Business Problems Solved

Beyond the technical metrics, organizations adopting open table formats report solving key business challenges:

  • Real-time decision making: The reduced latency between data generation and availability enables more timely business decisions.

  • Unified analytics and AI Workloads: Breaking down silos between batch and streaming data, or between BI and ML workloads, creates a more cohesive analytical/data environment.

  • Data democratization: Making data more accessible to different tools and users increases the organization’s ability to derive value from data.

  • Cost predictability: The clearer separation of storage and compute costs makes budgeting more predictable and transparent.

  • Future-proofing: The open nature of these formats provides confidence that investments in data and analytics will remain valuable as technology evolves.

These real-world examples demonstrate that the advantages of open table formats aren’t just theoretical—they’re delivering multiple benefits to organizations across industries and at various scales. In the next section, we’ll explore practical strategies for implementing this approach in your own organization.

Conclusion

Open table formats represent a fundamental shift in data warehousing that addresses core limitations of traditional approaches.
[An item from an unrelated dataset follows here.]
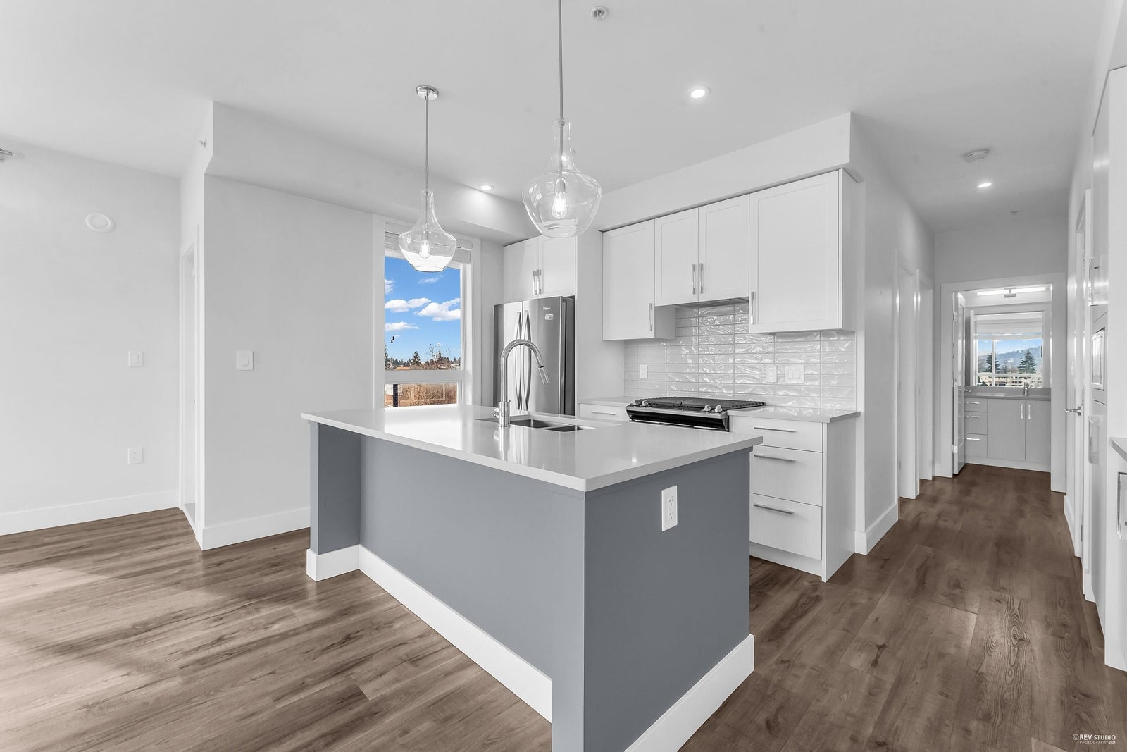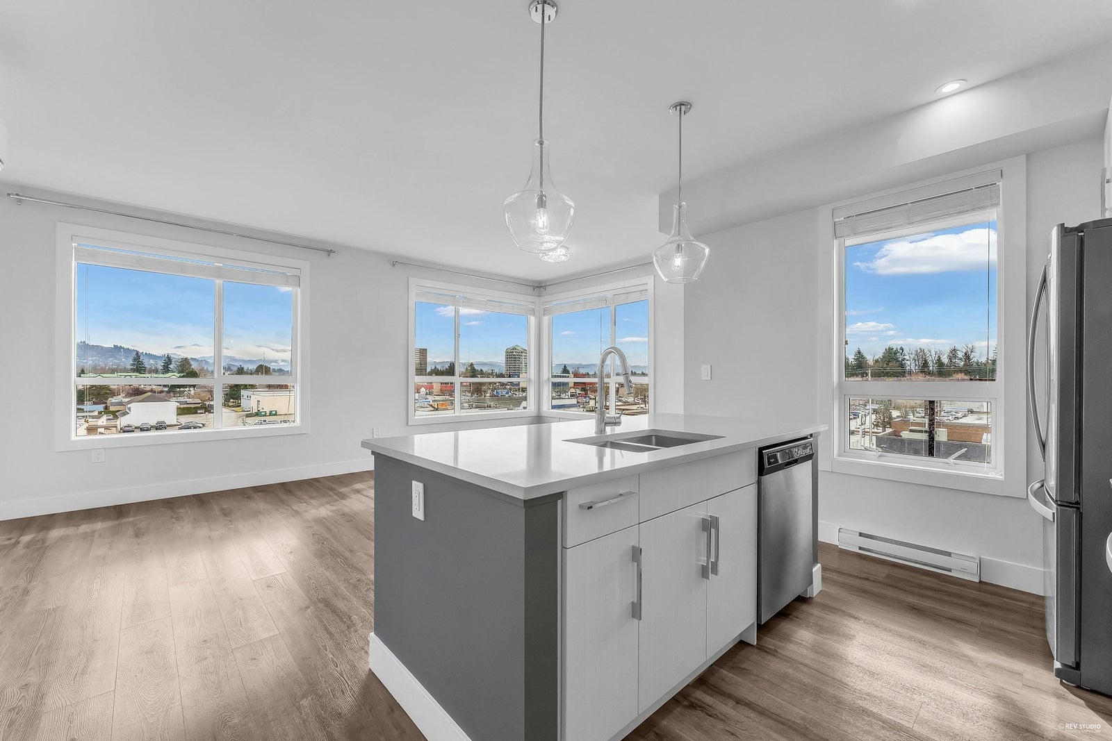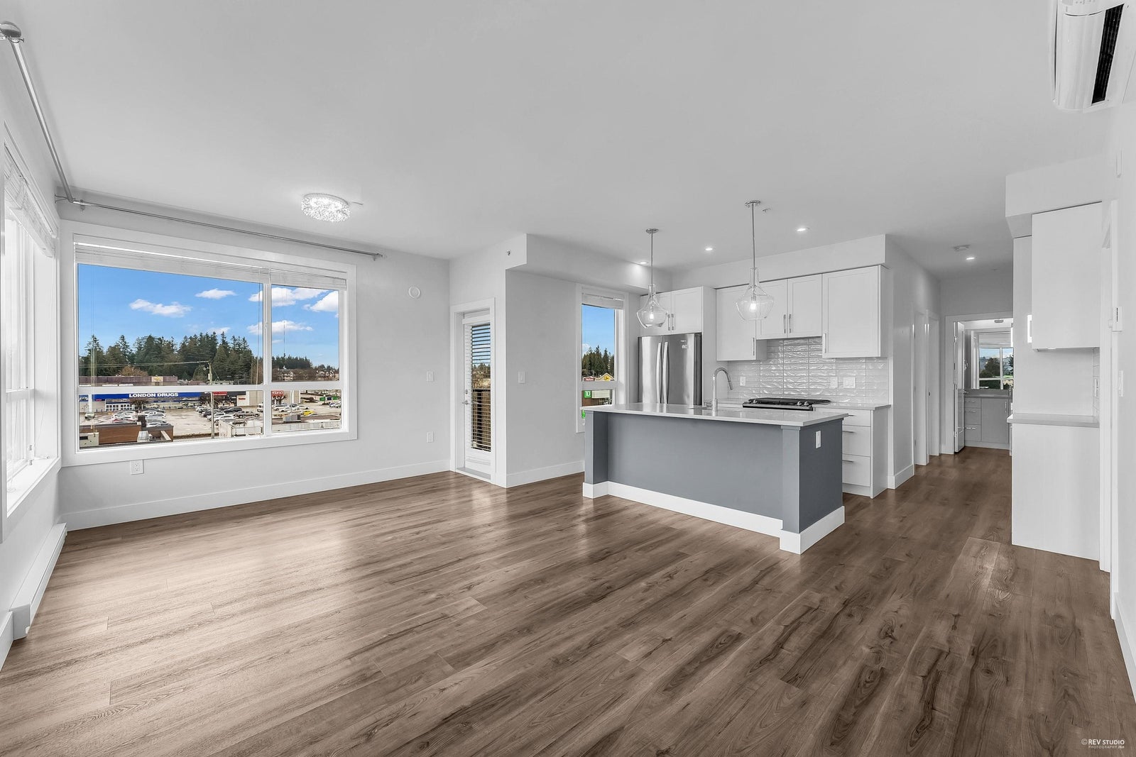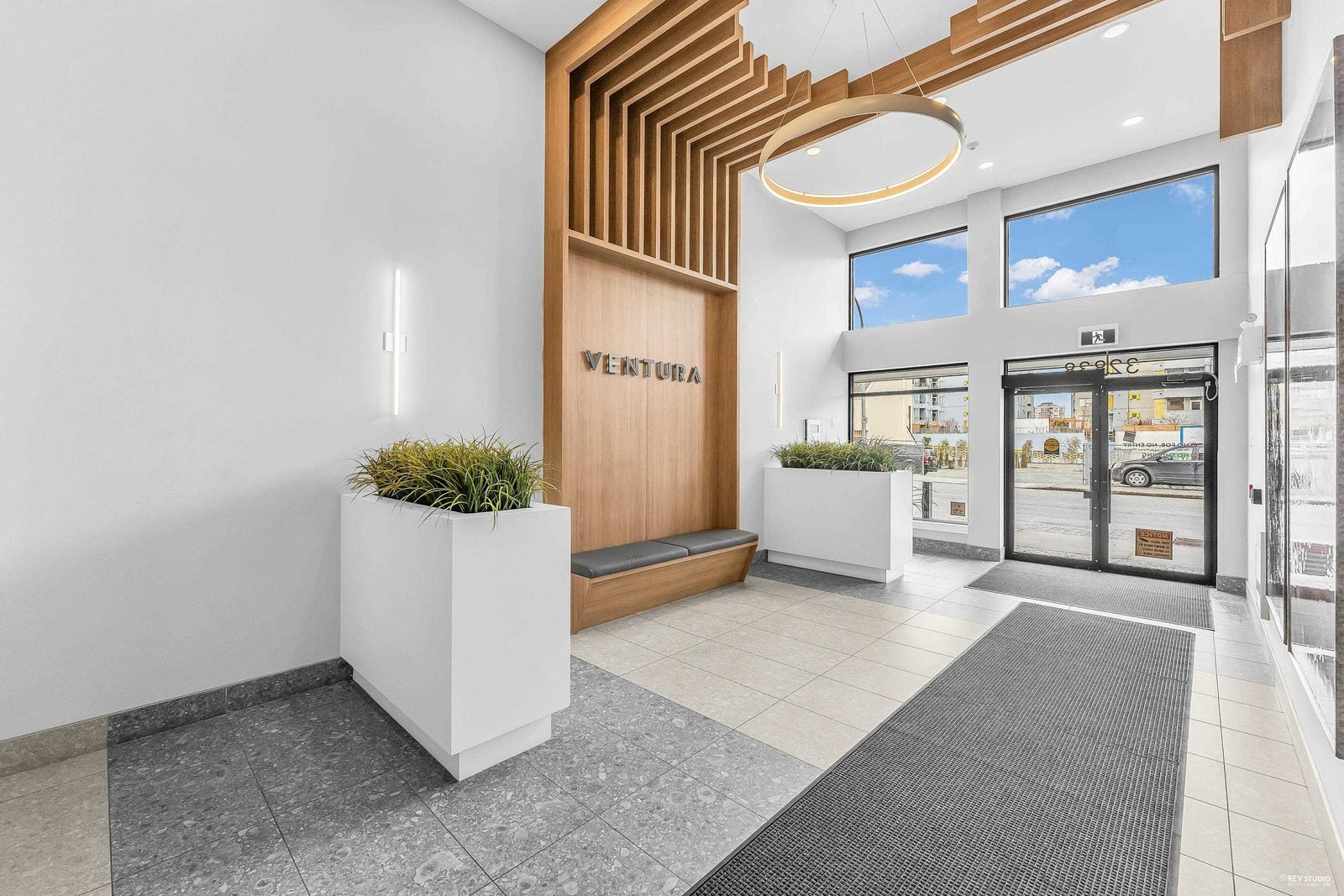 Rarely available – Spacious 2 Bedroom 2 Bathroom + large DEN that can be used as a third room. Corner unit offering one of the most desirable floor plans in the building. Bright, open concept, end unit, with tons of natural light & a large balcony. This home offers it all - spacious foyer, AIR CONDITIONING, 9’ ceilings, grand kitchen with huge island, plenty of cabinetry, pantry & gas cooking. Huge master bedroom with walk-in closet, Ensuite bathroom with double vanity sinks. Impeccably maintained home & strata. Developer upgrades: vinyl flooring throughout the entire unit, washer/dryer, built-in A/C, Quartz countertops throughout. Amenities: Fitness Studio, Bike room, dog washing station, party room w/ full kitchen, garden & covered gathering area with a BBQ & fire pit area + visitor parking. Incredible location in the heart of Central Abbotsford steps to malls, parks, shops, banks, schools, hospital & transit. 2 side-by-side large Parking Stalls, 1 large Storage Locker. OPEN HOUSE SAT MARCH 9th 1-4PM.

By decoupling storage from compute, providing ACID guarantees at scale, and supporting diverse workloads on the same data, they’re delivering significant benefits: reduced costs, improved performance, greater flexibility, and freedom from vendor lock-in.

The convergence of data lakes and warehouses into the “lakehouse” architecture eliminates costly data duplication and complex ETL processes while maintaining the performance and reliability businesses require.

Organizations that embrace this approach position themselves to adapt more quickly to changing needs and emerging technologies.

The question isn’t whether open table formats will replace traditional data warehouses, but how quickly the transition will happen.